Die Lösung: Automatisierte Anonymisierung von vorhandenem Bildmaterial

Ist das nachträgliche Einholen von schriftlichen Vereinbarungen aus verschiedenen Gründen unmöglich oder nicht praktikabel, bietet sich allerdings noch eine weitere Option: Mit Hilfe künstlicher Intelligenz können auch große Foto- und Videoarchive praktisch per Knopfdruck DSGVO-konform überarbeitet werden. Dies geschieht mittels sogenannter Convolutional Neural Networks, kurz CNNs. Durch sie können Objekte und Muster auf Bildern erkannt und ihnen eine Bedeutung zugeordnet werden. So ist es beispielsweise möglich, das ganze Bild einer oder mehrerer ausgewählter Kategorien zuzuordnen (sog. Klassifikationsmodell).

 Bei unserer Lösung kommt allerdings die viel flexiblere Echtzeit-Objekterkennung zum Einsatz, bei der nach der Analyse die Objektklasse sowie deren exakte Position bestimm wird – und das auch bei mehreren Objekten im selben Bild, nach oben sind hier keine Grenzen gesetzt.

Personenbezogene Daten erkennen und anonymisieren

Unsere cloudbasierten Service-Instanzen erlauben es, einzelne Objekte mit personenbezogenen Daten zu identifizieren und diese dann automatisiert so zu bearbeiten, dass keine Rückschlüsse mehr auf DSGVO-relevante Merkmale vorhanden sind. Alle solche Daten wie Personen, Nummernschilder oder Fahrzeuge können auf diese Weise durch Verpixelung oder durch Weichzeichnung unkenntlich gemacht werden – und das nicht nur bei Einzelbildern, die Modifikation kann als Stapelbearbeitung vollständig und automatisch auf das gesamte Archiv angewandt werden.

 Unter bestimmten Voraussetzungen ist es dann sogar möglich, personenbezogene Objekte komplett aus dem Bild oder Videomaterial zu retuschieren; dies ist z. B. bei Zeitraffersequenzen der Fall, die den selben Bildbereich, auf dem die Objekte zu finden sind, an einer anderen Stelle ohne diese Objekte zeigen.
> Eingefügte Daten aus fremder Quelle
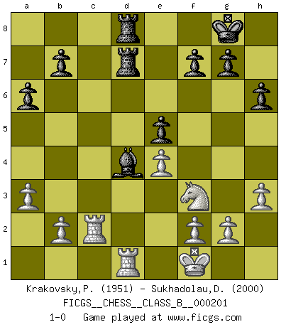 Last move : 1-0 2014 March 13 15:26:48 [Event "FICGS__CHESS__CLASS_B__000201"] [Site "FICGS"] [Date "2013.12.03"] [Round "1"] [White "Krakovsky,Peter"] [Black "Sukhadolau,Dzmitry"] [Result "1-0"] [WhiteElo "1951"] [BlackElo "2000"] 1.c4 Nf6 2.d4 e6 3.Nf3 d5 4.Nc3 Bb4 5.Bg5 h6 6.Bxf6 Qxf6 7.e3 O-O 8.Rc1 dxc4 9.Bxc4 c5 10.dxc5 Bxc5 11.O-O Qe7 12.a3 Nd7 13.Qd2 Nf6 14.e4 Rd8 15.Qe2 e5 16.h3 a6 17.Nd5 Nxd5 18.Bxd5 Bd6 19.Rfd1 Be6 20.Qe3 Bxd5 21.Rxd5 Bc7 22.Qc5 Qxc5 23.Rdxc5 Bb6 24.R5c3 Bd4 25.R3c2 Rd7 26.Kf1 Rad8 27.Rd1 1-0 English, 1...Nf6 (Anglo-Indian defense) Kingside Castling by player Black (move 7) Kingside Castling by player White (move 11) Player White won this chess game. Follow this game move after move (download)It is not enough to be a good player... you must also play well. (Siegbert Tarrasch) Sehr viele beherrschen heutzutage das große Einmalseins des Schachspiels und kennen sogar dessen Logarithmentafeln auswendig - deshalb sollte man hin und wieder zu beweisen trachten, dass zwei mal zwei auch fünf sein kann. (Mikhail Nekhemyevich Tal) El sobresalir en el Ajedrez es un signo de una mente intrigante. (Sir Arthur Conan Doyle) Ce qui est bien, c'est d'avoir tout un tas de pièces en prise : l'adversaire ne peut en prendre qu'une à la fois. Cité par Thierry Audin. They misunderestimated me. (George W. Bush, Bentonville nov. 6, 2000)
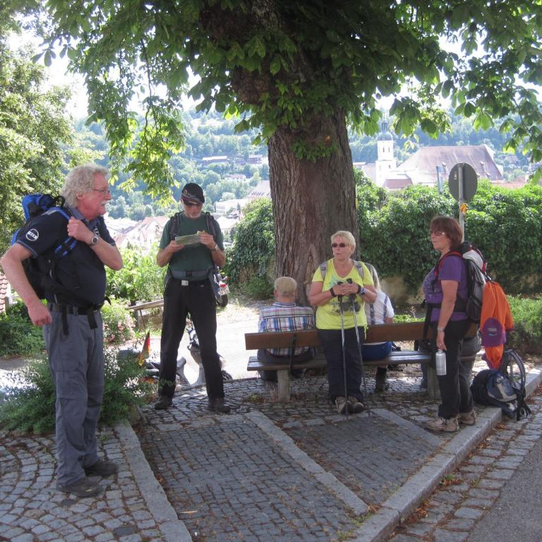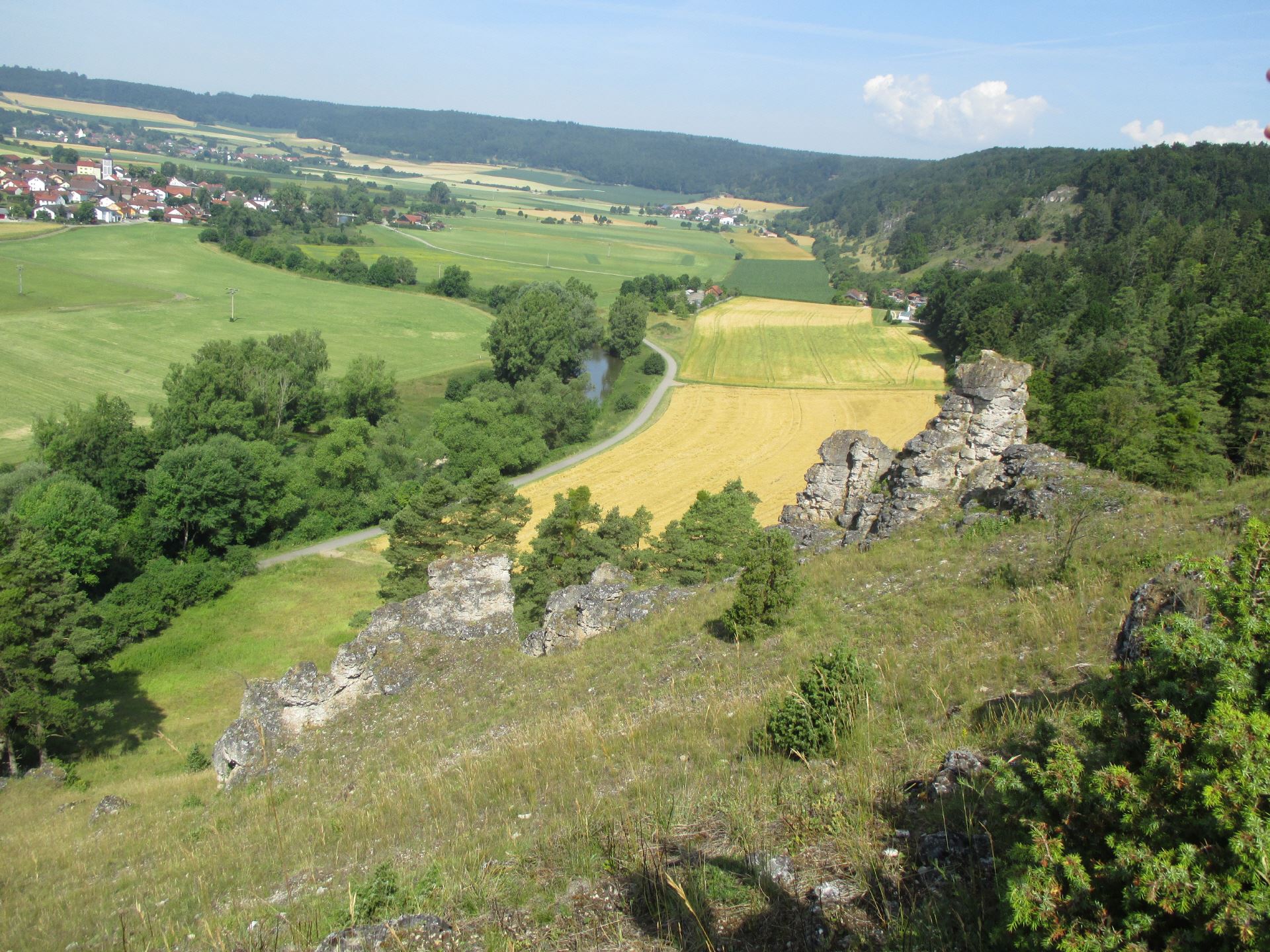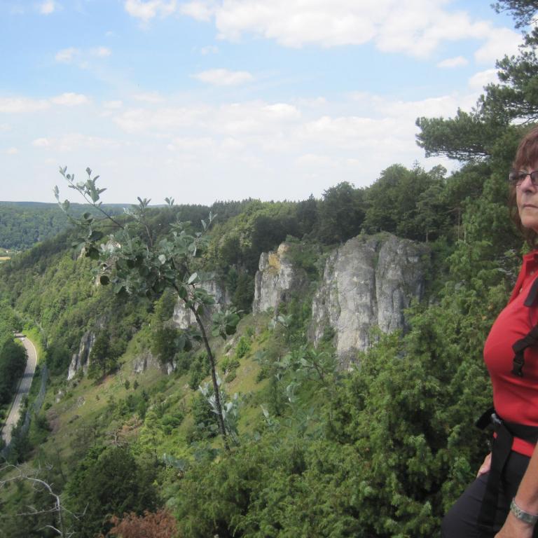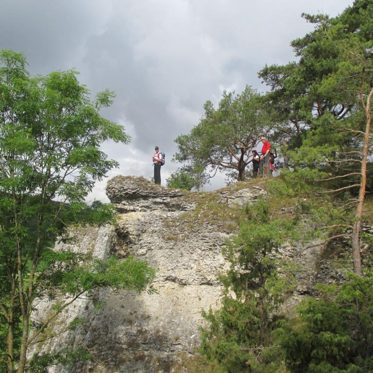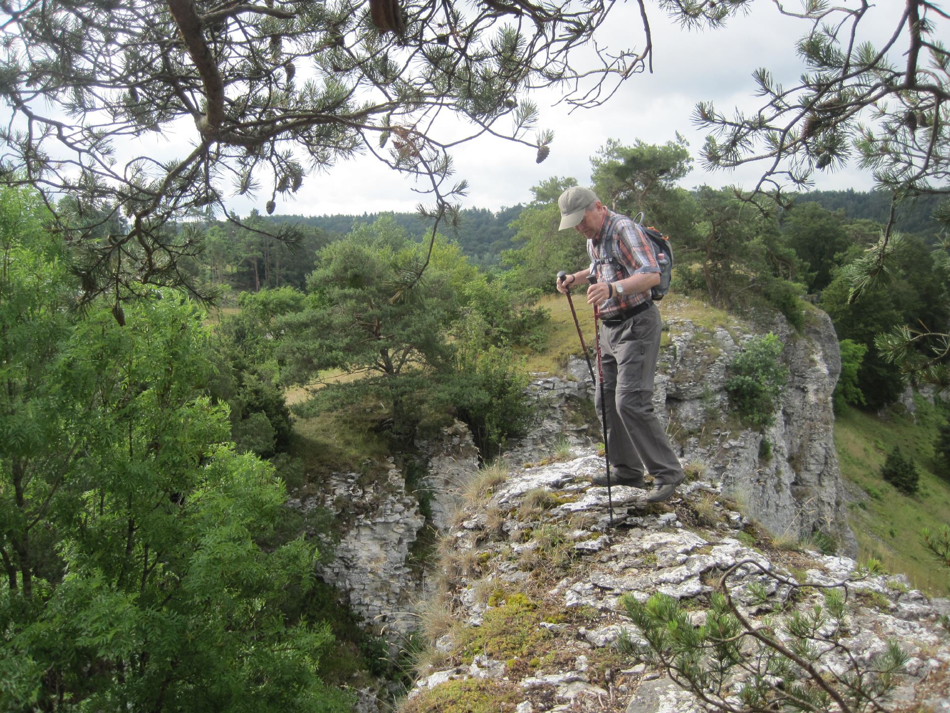 Eichstätt weist eine Vielzahl historischer Gebäude auf, neben Burg, Residenz, Kirchen, Klöstern und Domherrenhöfen, die Katholische Universität Eichstätt-Ingolstadt bei der es sich um die einzige katholische Universität in Deutschland handelt. Gleich zu Beginn der Wanderung wartete ein echtes Highlight auf die Wandergruppe, mächtig und bizarr begrüßten uns zwischen Solnhofen und Eßlingen die zwölf Apostel. Bei den Kalkfelsen handelt es sich um ehemalige Riffe des urzeitlichen Jurameeres, welche im Laufe der Zeit schwer verwittert sind. Von Mörnsheim im malerischen Gailachtal geht es steil bergauf über eine waldreiche Anhöhe. Vor Dollnstein öffnet sich ein weiter, atemberaubender Ausblick auf das Urdonautal, in dem einst die Altmühl in die Urdonau floss. Nach sonniger Wacholderheide und schroffen Kalkfelsen beeindruckt hinter Dollnstein der Burgsteinfelsen mit seinem markanten, turmartigen Aussehen.
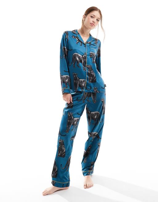 Chelsea Peers – Skogsgrön pyjamas i satin med knappförsedd skjorta och byxor

Diese „leere“ Stelle kann dann dazu genutzt werden, das entsprechende Objekt zu verdecken.  Im Übrigen können auch im Bild- oder Videomaterial enthaltene Metadaten mittels einer sogenannten Pseudonymisierung so verändert werden, dass die Feststellung der Identität der Betroffenen auszuschließen ist.

Das Format, in dem die archivierten Daten vorliegen, spielt dabei keine Rolle. Soweit das Archivmaterial digitalisiert zur Verfügung steht, ist eine Bearbeitung möglich.

Fazit

Fotografen, Filmemacher aber auch insbesondere Besitzer und Verwalter von digitalen Archiven müssen sich möglicherweise umstellen und einen nicht unerheblichen Mehraufwand in Kauf nehmen. Wer bei seinem Archiv sichergehen möchte, dass es rechtskonform ist, ist gut beraten, hier zu handeln.